:: Exercise details ::
In the records below, find the line that contains "4、 在元宝商店里用元宝兑换小精灵召唤符,轻松获取召唤道具。" and the line that contains "本次演习活动紧密结合校园生活", then retype exactly those two lines and every line between them.

:: Entries shown ::
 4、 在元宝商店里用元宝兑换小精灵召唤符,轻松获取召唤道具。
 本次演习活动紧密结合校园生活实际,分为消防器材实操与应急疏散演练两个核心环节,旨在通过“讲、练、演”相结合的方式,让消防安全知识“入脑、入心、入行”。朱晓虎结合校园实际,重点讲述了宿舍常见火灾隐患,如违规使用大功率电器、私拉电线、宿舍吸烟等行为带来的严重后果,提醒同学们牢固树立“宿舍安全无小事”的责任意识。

...

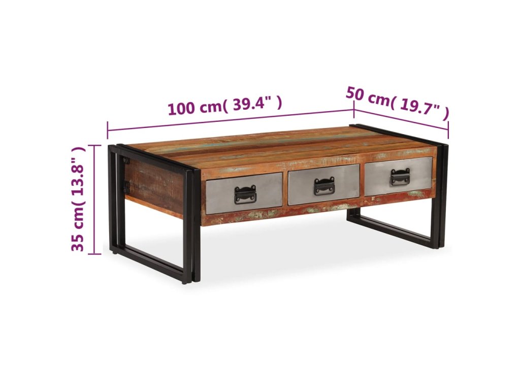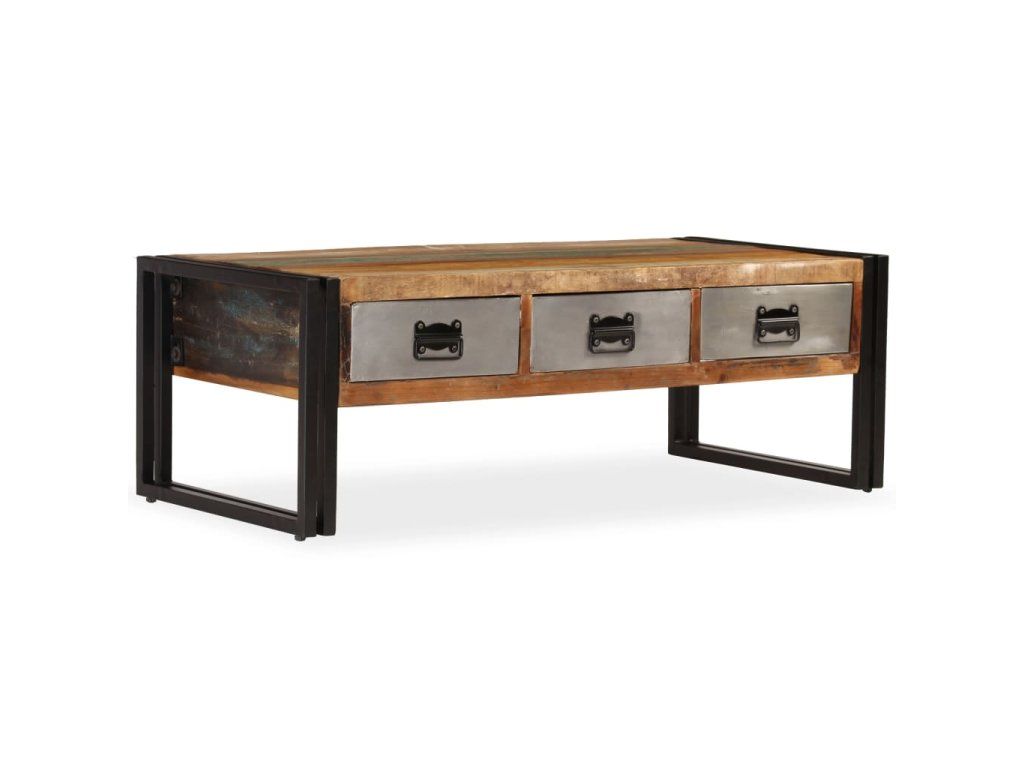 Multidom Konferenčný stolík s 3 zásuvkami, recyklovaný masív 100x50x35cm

...

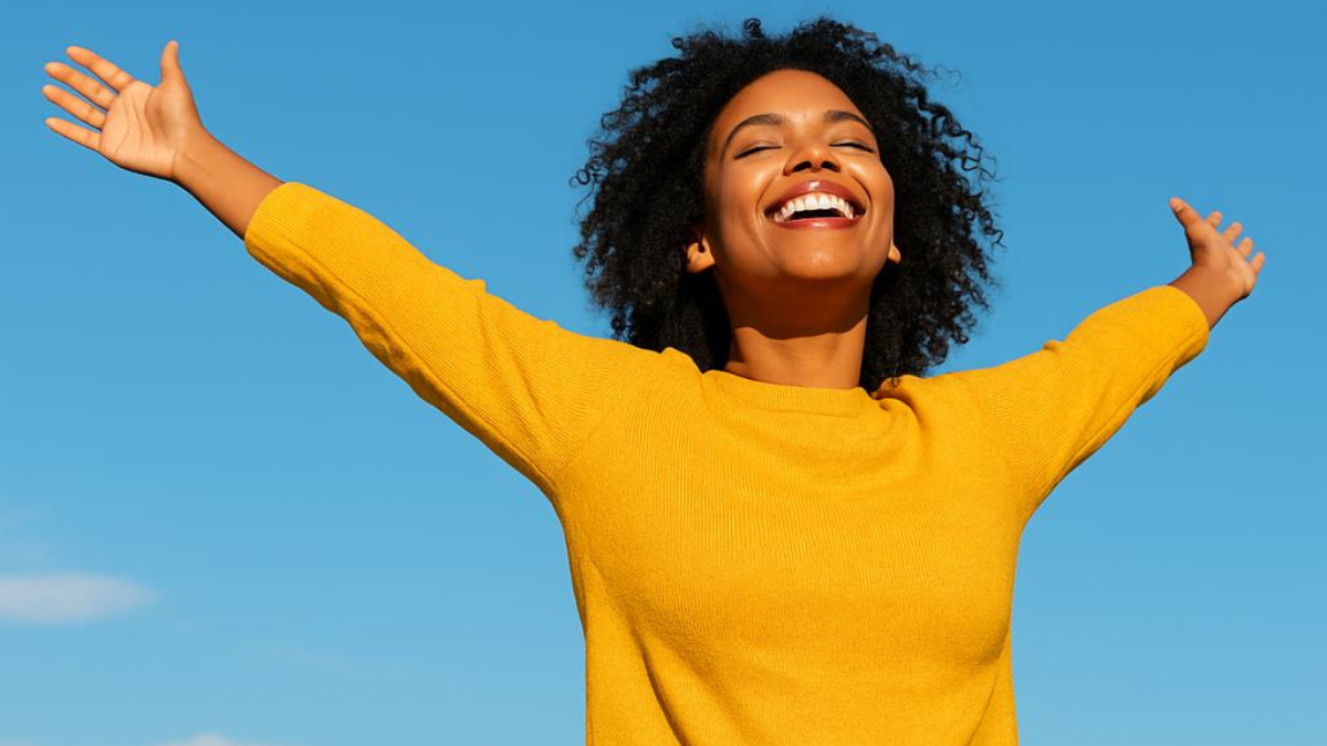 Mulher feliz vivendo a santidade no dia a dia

:: Your solution ::
 4、 在元宝商店里用元宝兑换小精灵召唤符,轻松获取召唤道具。
 本次演习活动紧密结合校园生活实际,分为消防器材实操与应急疏散演练两个核心环节,旨在通过“讲、练、演”相结合的方式,让消防安全知识“入脑、入心、入行”。朱晓虎结合校园实际,重点讲述了宿舍常见火灾隐患,如违规使用大功率电器、私拉电线、宿舍吸烟等行为带来的严重后果,提醒同学们牢固树立“宿舍安全无小事”的责任意识。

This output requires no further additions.